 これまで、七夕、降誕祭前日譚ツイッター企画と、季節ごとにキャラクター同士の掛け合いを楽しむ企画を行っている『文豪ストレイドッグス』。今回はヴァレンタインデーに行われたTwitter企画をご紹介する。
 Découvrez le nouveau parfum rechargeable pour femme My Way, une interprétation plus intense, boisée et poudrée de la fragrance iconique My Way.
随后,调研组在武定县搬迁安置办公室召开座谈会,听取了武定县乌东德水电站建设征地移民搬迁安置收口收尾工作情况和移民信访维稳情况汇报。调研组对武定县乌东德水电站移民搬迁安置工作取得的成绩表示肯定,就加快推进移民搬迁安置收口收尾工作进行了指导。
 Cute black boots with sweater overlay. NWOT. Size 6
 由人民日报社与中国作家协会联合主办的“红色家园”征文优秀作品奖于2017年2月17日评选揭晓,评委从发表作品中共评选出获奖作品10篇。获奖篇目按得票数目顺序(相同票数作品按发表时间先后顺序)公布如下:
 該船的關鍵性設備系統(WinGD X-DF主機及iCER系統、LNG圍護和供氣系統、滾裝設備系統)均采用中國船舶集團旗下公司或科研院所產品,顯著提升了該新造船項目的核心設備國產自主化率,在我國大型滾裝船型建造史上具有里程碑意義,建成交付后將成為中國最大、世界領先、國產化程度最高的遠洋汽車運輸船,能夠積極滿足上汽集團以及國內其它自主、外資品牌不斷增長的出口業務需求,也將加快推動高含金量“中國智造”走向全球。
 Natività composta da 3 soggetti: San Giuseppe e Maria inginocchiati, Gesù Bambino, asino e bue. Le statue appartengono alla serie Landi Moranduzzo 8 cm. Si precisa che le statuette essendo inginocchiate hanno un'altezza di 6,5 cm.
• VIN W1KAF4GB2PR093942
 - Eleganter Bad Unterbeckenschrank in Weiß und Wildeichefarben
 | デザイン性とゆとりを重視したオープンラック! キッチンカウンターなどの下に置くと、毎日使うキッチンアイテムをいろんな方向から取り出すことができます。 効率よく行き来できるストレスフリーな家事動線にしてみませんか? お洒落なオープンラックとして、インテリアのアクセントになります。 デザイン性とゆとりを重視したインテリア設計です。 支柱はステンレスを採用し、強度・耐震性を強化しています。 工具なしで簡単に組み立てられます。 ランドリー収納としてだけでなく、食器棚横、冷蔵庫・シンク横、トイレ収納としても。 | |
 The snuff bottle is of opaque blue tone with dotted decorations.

Work task: The word "with" appears in how many lines of the records? Give the number only.

Answer box: 2